Required action:
Output the whole listing exactly, except for the pictures in it.
══ Collected data ══
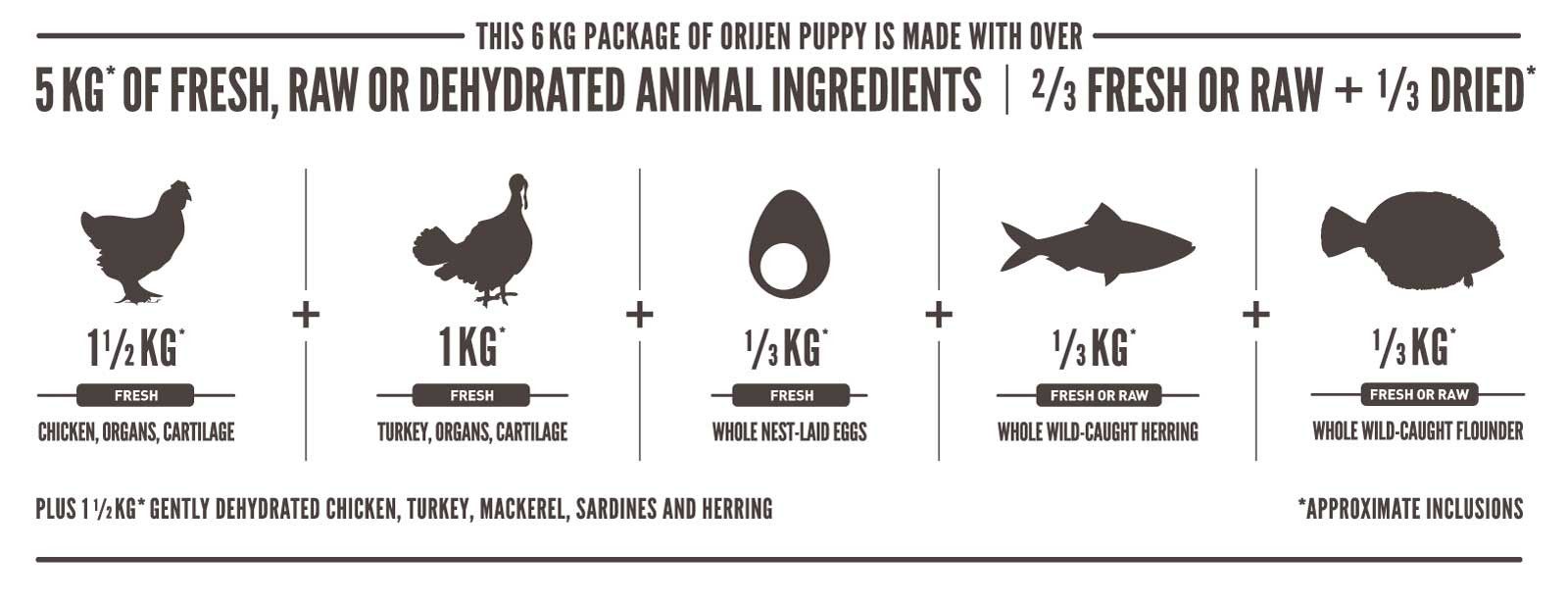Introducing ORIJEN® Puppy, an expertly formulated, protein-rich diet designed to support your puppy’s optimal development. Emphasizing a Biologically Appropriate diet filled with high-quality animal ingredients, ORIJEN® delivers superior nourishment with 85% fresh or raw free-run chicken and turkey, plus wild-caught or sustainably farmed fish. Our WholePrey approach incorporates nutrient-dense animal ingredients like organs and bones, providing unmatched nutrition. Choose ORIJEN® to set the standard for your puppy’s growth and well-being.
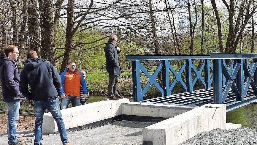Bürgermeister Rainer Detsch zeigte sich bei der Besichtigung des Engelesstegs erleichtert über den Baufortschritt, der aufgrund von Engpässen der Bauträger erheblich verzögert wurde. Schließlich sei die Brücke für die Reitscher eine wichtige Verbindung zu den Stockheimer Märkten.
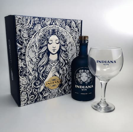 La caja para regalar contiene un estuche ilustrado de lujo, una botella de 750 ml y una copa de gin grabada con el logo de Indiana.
═══
Task solution:
Introducing ORIJEN® Puppy, an expertly formulated, protein-rich diet designed to support your puppy’s optimal development. Emphasizing a Biologically Appropriate diet filled with high-quality animal ingredients, ORIJEN® delivers superior nourishment with 85% fresh or raw free-run chicken and turkey, plus wild-caught or sustainably farmed fish. Our WholePrey approach incorporates nutrient-dense animal ingredients like organs and bones, providing unmatched nutrition. Choose ORIJEN® to set the standard for your puppy’s growth and well-being.
Bürgermeister Rainer Detsch zeigte sich bei der Besichtigung des Engelesstegs erleichtert über den Baufortschritt, der aufgrund von Engpässen der Bauträger erheblich verzögert wurde. Schließlich sei die Brücke für die Reitscher eine wichtige Verbindung zu den Stockheimer Märkten.
 La caja para regalar contiene un estuche ilustrado de lujo, una botella de 750 ml y una copa de gin grabada con el logo de Indiana.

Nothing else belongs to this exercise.